Pekelo explains the sell off

Discussion in 'Technical Analysis' started by Pekelo, Feb 7, 2018.

  1. Pekelo

    Pekelo

    You guys know how modest I am, so I figured I would give my honest explanation of the last few days' action in technical terms.

    Forget about memo and interest rates hike, eventually it doesn't matter what triggered the sell off, it has been built into the market for a long time, but specially after the January rally. Simply put, the market went vertical, and anytime when that happens it comes down hard too. It happened to Bitcoin 7 weeks ago, I saw it, I predicted it, and then it happened.

    I also so the SPX going vertical specially on the weekly chart, but got a bit complacent about it. After 2 years of relentless rallying, who can blame us? Anyhow, I like to use the spring analogy: The price is like an over stretched spring, and once it is let go, it fluctuates back and forth widely.

    I usually use Bollinger Bands to catch market turns, and once a timeframe's BB is penetrated, I switch to a larger time frame. The the market started to fall last week, I was expecting the a hard bounce from the lower line on the daily chart, what was around 2720. When that didn't hold, the weekly frame came to play.

    I am showing here the weekly SPX chart. What you can not see is the crazy overnight action of Sunday night. Futures bottomed around 2530, what is really close to the lower BB, and the hard bounce came from there. It is not an exact science, sometimes the price doesn't reach the line, sometimes it penetrates it and then bounces. But overall that is the area where you watch for a change in direction. By the way, the daily chart doesn't show that well the vertical nature of the price action, but the weekly and monthly do.

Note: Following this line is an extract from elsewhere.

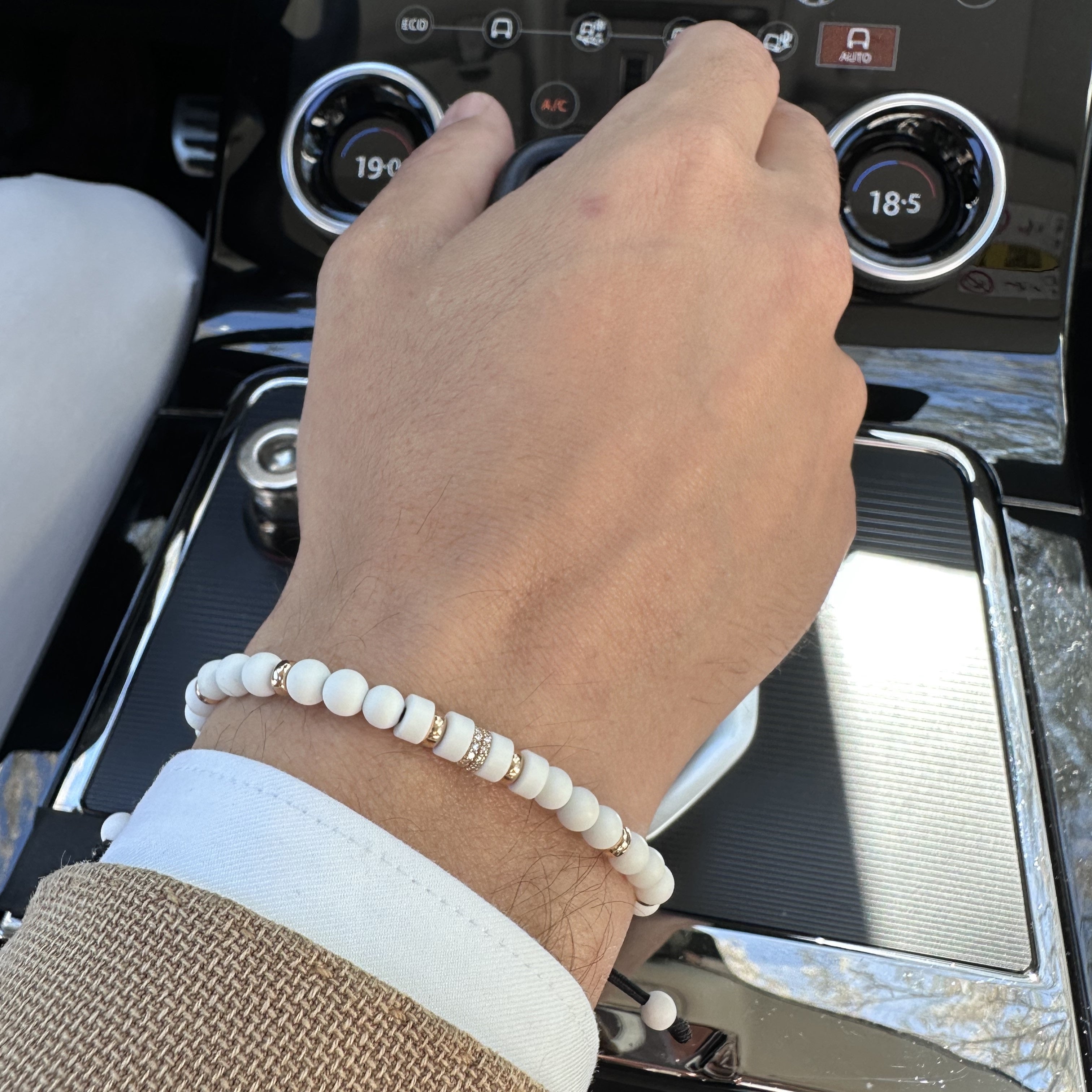 18K rose gold bracelet, agate p, 28 stones, 8/8 cut diamond wheel, Adjustable nylon cord from 15cm to 25cm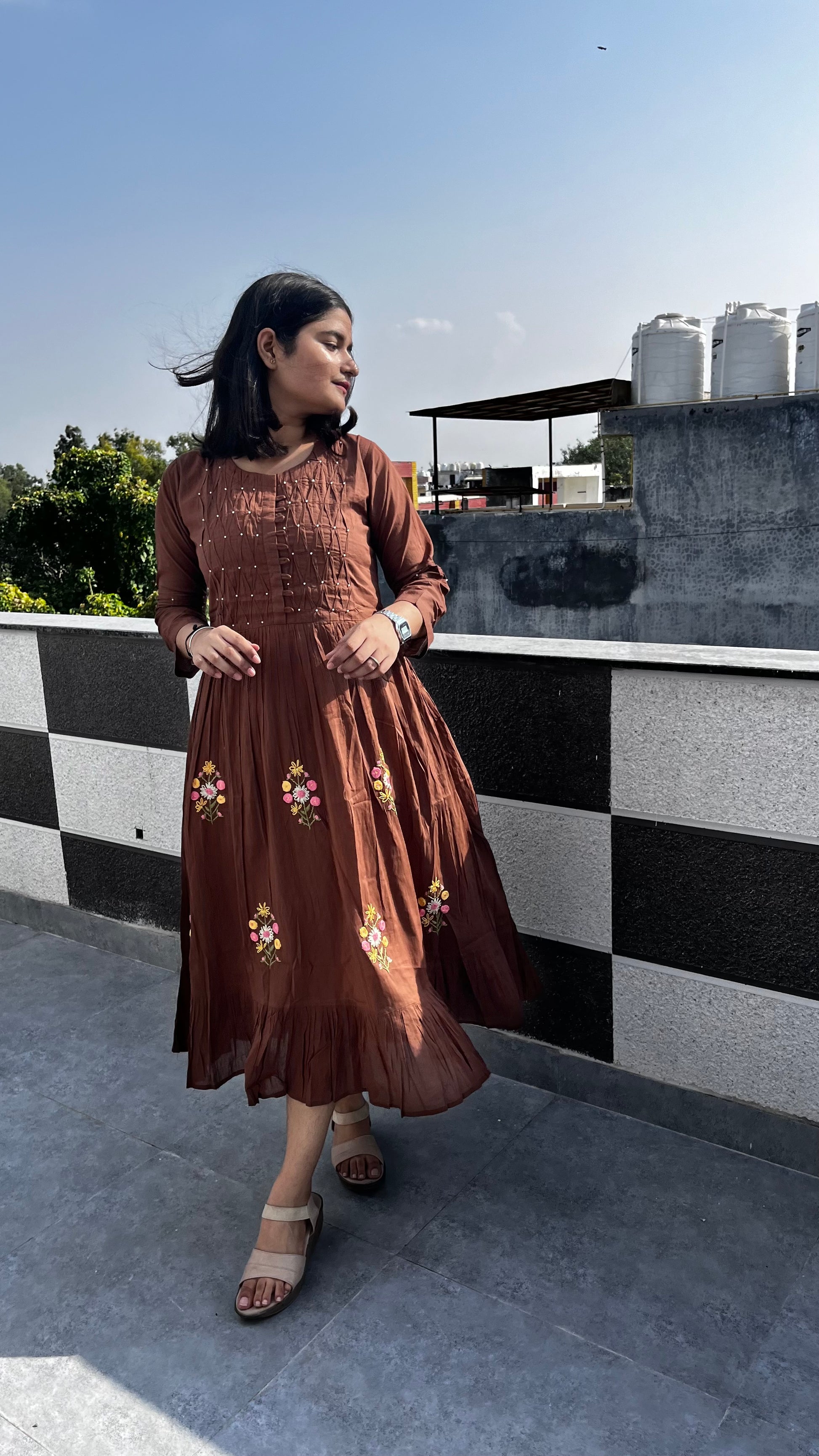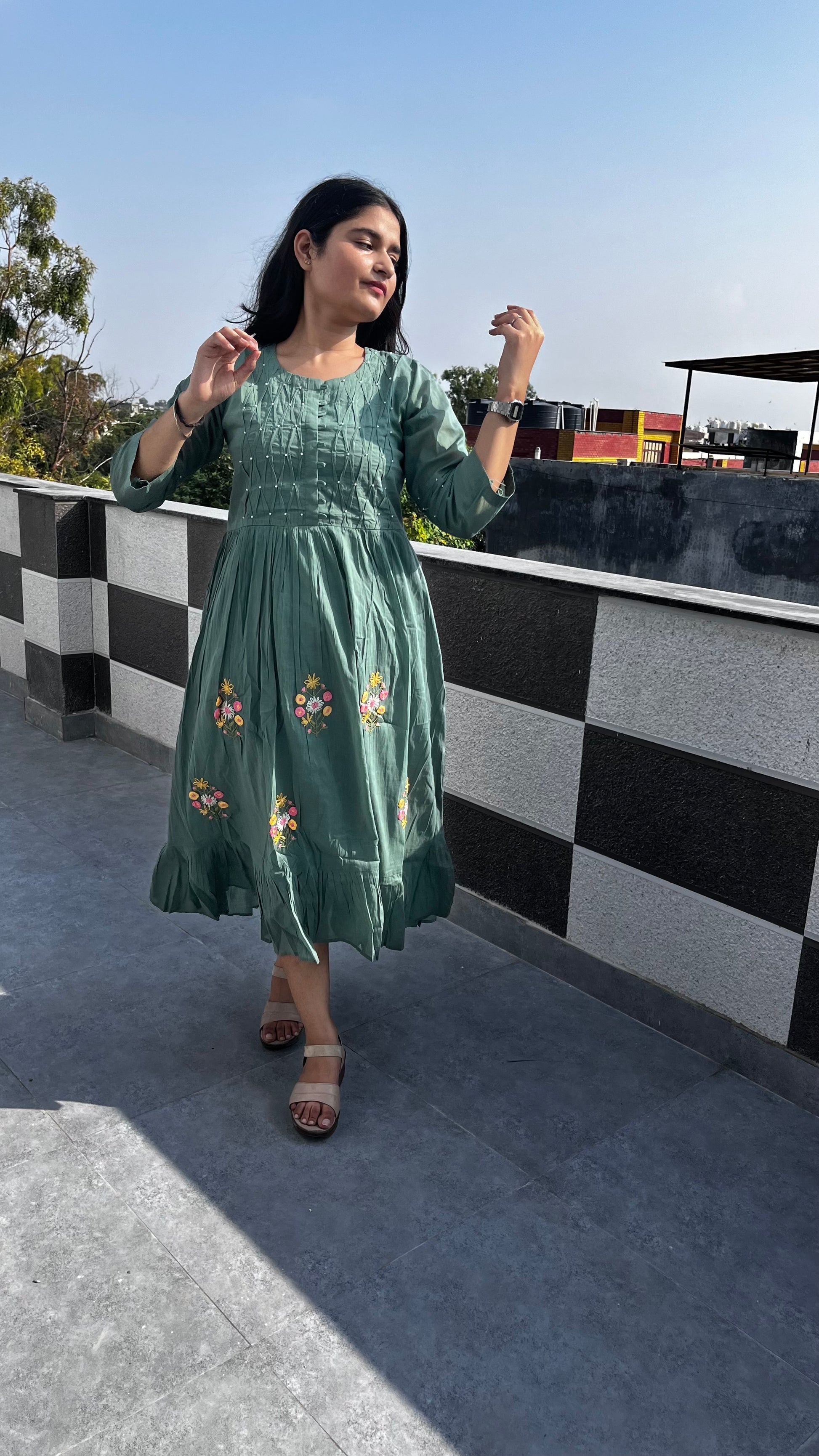 - The tunic is adorned with intricate hand embroidery work on the ghera.

    OK, you say, we got it, over stretched spring, weekly BB, we got. But where do we go from here now? Well, after the bounce the minimum target is the SMA line, what is around 2750. That is where the rally action can get sour and turn back down again. But if that line is cleared, we are looking at touching the upper BB again and a doubletop.

    TL,DR: The market went vertical, and what goes up quick, must come down hard, be it crypto or the general market.
     
    piezoe and tommcginnis like this.
  2. NeoTrader

    NeoTrader

    You should consider working for cnbc, bloomberg or writing for any of the bogus "reports"... Or all of them at once... Maybe you're even trying to pave your way there with all the usual "hindsight knowledge"!
    Keep up the "good work"!:D
     
    johnnyrock, SunTrader and cole_ like this.
  3. AAPL lowers guidance. XOM & CVX miss.

    Why does everyone out there seem to be overlooking these three huge fundamental points that changed between Thursday and Friday trading hours? Against the backdrop of a generally disappointing earnings season, no less.
     
    tommcginnis likes this.
  4. I'm not usually a "pure technicals" guy, but Pekelo gives us a pretty fair analysis, IMO.

    In the screen capture below (and apologies for being redundant from other threads), the yellow trend sits ~20pts ON TOP OF a two year trend, and has been a fair guide for option-writing at/above that line. Similar to Pekelo's Bollinger Bands use, I run a trio of a SMA mean, and two 'envelope' lines set at 2%. (A fair range for 1-2 week holds.)

    We've ridden under and even *temporarily* pierced the top side of the envelope for the better part of two years, and of course, at Thanksgiving, punched it hard, relaxed a bit, and then rode it hard for most of January. "Ouch!" is right. Having punched right through the bottom now -- WOW!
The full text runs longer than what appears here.